Its pretty similar to the one above. SO you have:

$\displaystyle p_{X, Y}(x, y) = \sum_{z=0}^{3-x-y}\frac{3!}{x!y!z!(3-x-y-z)!} \left( \frac{1}{2} \right)^x \left( \frac{1}{12} \right)^y \left( \frac{1}{6} \right)^z \left( \frac{1}{4} \right)^{3-x-y-z}$

$\displaystyle = \sum_{z=0}^{3-x-y} \frac{3!}{x!y!(3-x-y)!} \cdot \frac{(3- x- y)!}{z!(3-x-y-z)!} \left( \frac{1}{2} \right)^x \left( \frac{1}{12} \right)^y \left( \frac{1}{6} \right)^z \left( \frac{1}{4} \right)^{3-x-y-z}$

pull out the non "z" terms

$\displaystyle = \frac{3!}{x!y!(3-x-y)!} \left( \frac{1}{2} \right)^x \left( \frac{1}{12} \right)^y \sum_{z=0}^{3-x-y} \frac{(3- x- y)!}{z!(3-x-y-z)!}\left( \frac{1}{6} \right)^z \left( \frac{1}{4} \right)^{3-x-y-z}$

$\displaystyle = \frac{3!}{x!y!(3-x-y)!} \left( \frac{1}{2} \right)^x \left( \frac{1}{12} \right)^y \sum_{z=0}^{3-x-y} \frac{(3-x-y)!}{z!(3-x-y-z)!}\left( \frac{1}{6} \right)^z \left( \frac{1}{4} \right)^{3-x-y-z}$

you can write $\displaystyle \left(\frac{1}{6}\right)^{z} \left(\frac{1}{4}\right)^{3-x-y-z}$ as:

$\displaystyle \left(\frac{1}{6}\right)^{z} \left(\frac{5}{12} \times \frac{3}{5}\right)^{3-x-y-z}$

$\displaystyle =\left(\frac{1}{6}\right)^{z} \left(\frac{5}{12}\right)^{3-x-y-z}\left(\frac{3}{5}\right)^{3-x-y-z}$

$\displaystyle =\left(\frac{1}{6}\right)^{z} \left(\frac{5}{12}\right)^{3-x-y}\left(\frac{5}{12}\right)^{-z}\left(\frac{3}{5}\right)^{3-x-y-z}$

$\displaystyle =\left(\dfrac{(\frac{1}{6})^z}{(\frac{5}{12})^z} \right)\left(\frac{5}{12}\right)^{3-x-y}\left(\frac{3}{5}\right)^{3-x-y-z}$

$\displaystyle \left(\frac{2}{5}\right)^z\left(\frac{5}{12}\right )^{3-x-y}\left(\frac{3}{5}\right)^{3-x-y-z}$

So,

$\displaystyle p_{X, Y, Z}(x, y, z)= \frac{3!}{x!y!(3-x-y)!} \left( \frac{1}{2} \right)^x \left( \frac{1}{12} \right)^y \left(\frac{5}{12}\right)^{3-x-y}\underbrace{\sum_{z=0}^{3-x-y} \frac{(3-x-y)!}{z!(3-x-y-z)!}\left( \frac{2}{5} \right)^z \left( \frac{3}{5} \right)^{3-x-y-z}}_{\text{This is a Binomial}(3-x-y, 2/5)}$

so then you have a binomial distribution summing up to 1.. and the remaining terms will give a multinomial distribution if you are familiar with it.

Multinomial distribution - Wikipedia, the free encyclopedia

Re: Marginal of a joint multinomial reduces to a binomial, but how?

Hey man.
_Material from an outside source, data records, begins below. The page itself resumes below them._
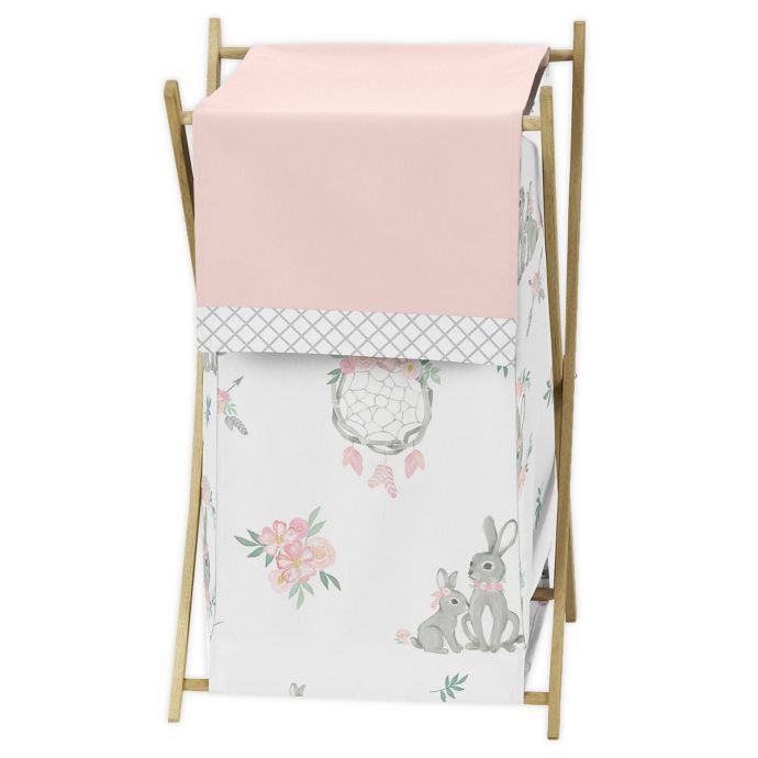 Sweet Jojo Designs Bunny Floral Laundry Hamper In Pink Grey Bed
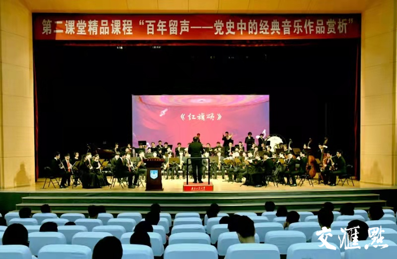 “這門課程以一種特別新穎的方式向我們講述黨的光輝歷史,讓我們在動人旋律中感受100年間,在黨的帶領下中國發生的滄桑巨變,體悟中國共產黨日益凸顯的戰斗力、凝聚力、創造力,特別具有吸引力。”選課學生代表、經濟與管理學院國貿1801學生金鑫自信地站上舞臺分享自己的感悟,“非常感謝學校、老師和交響管樂團的同學們,為我們帶來了一場別開生面的思政課、一場意義深遠的視聽盛宴。”
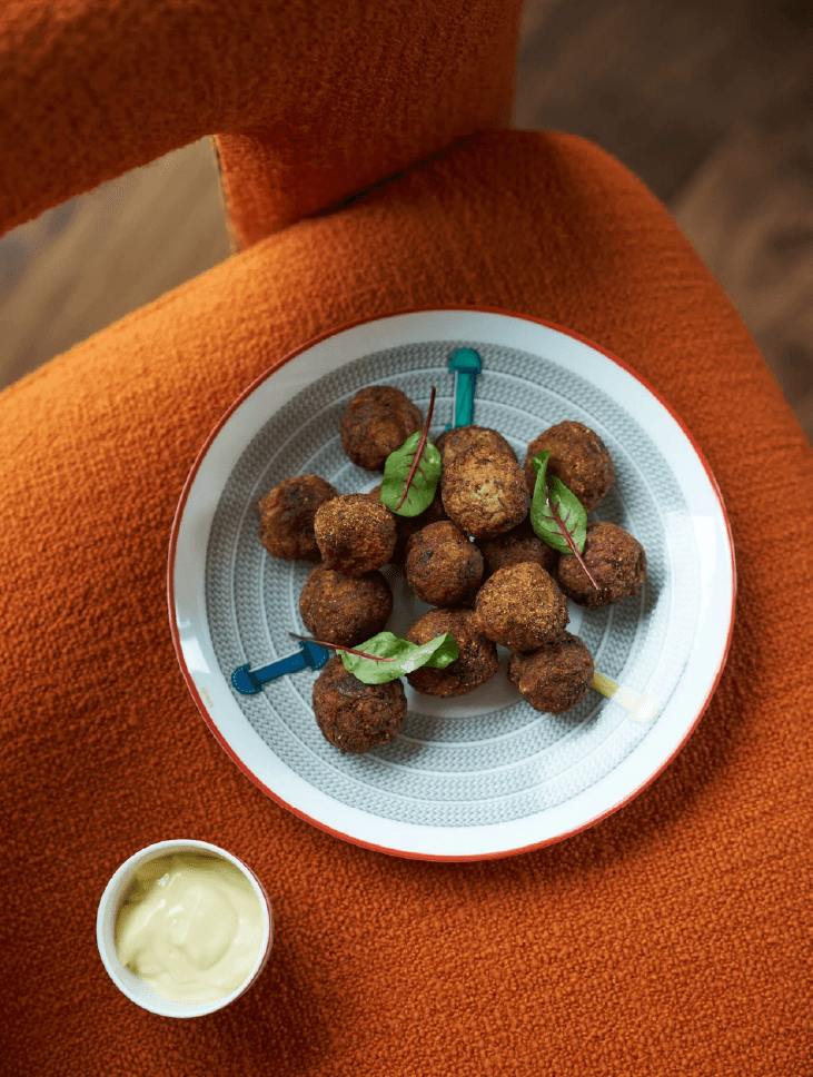 Palline croccanti di pastella di grano saraceno con dentro formaggio fuso.
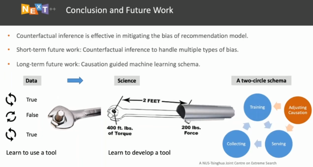 冯福利博士指出,他们当前基于反事实推理消除数据偏差的工作都是针对每一种偏差单独设计处理方法,当我们遇到多种数据偏差时,现有的模型就可能会失效。短期之内,冯福利博士团队试图同时处理多种数据偏差,在推理阶段设计一个快速的适配器,决定针对给每一位用户的特点应该更多地消除怎样的数据偏差。未来,冯福利博士团队试图搭建一种基于因果推理的机器学习模式。他们认为,机器学习研究应该经历「数据」到「科学」的发展过程。从「数据」的角度来看,如果我们想解决拧螺丝的问题,在收集大量数据后很快就能教会机器:顺时针会将螺丝拧紧,逆时针可以将螺丝拧开。但是从「科学」的角度来说,扳手之所以可以拧开螺丝是因为杠杆定理。「数据」驱动的机器学习与「科学」驱动的机器学习的区别在于:当我们遇到拧不开的螺丝时,如果知道背后科学原理是杠杆定理,我们应该想办法延长力臂,而不是盲目地在数据中进行尝试。如图 17 所示,左图表示当前的机器学习技术实际上是学习如何使用某种「工具」;而右图指的是,当我们了解了事物背后的因果关系后,就知道如何设计一个工具。
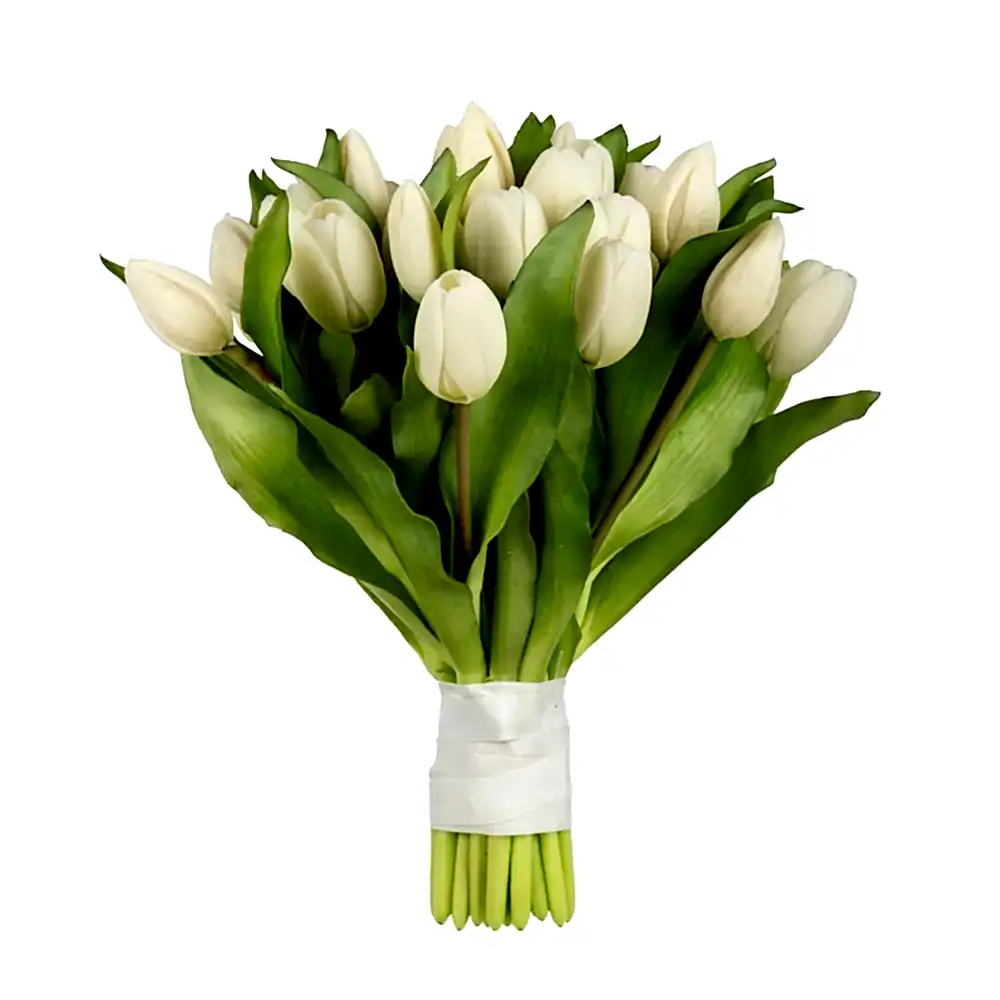 Islak Dokulu Beyaz Cipsolu Lale Gelin Buketi (39 CM)

That is really cool. I think I need to just practise a bit to get it down pat. You are pretty good at this stuff. . . what do you do if you dont mind my asking? I see you are a student. I am doing a neuroscience PhD.

Anyway, thanks again. Jon

Re: Marginal of a joint multinomial reduces to a binomial, but how?

Quote:

Originally Posted by

**Mathsdog** Hey man. That is really cool. I think I need to just practise a bit to get it down pat. You are pretty good at this stuff. . . what do you do if you dont mind my asking? I see you are a student. I am doing a neuroscience PhD.

Anyway, thanks again. Jon

Its all about practice. You'll get better at it. I am studying Biostatistics(MS).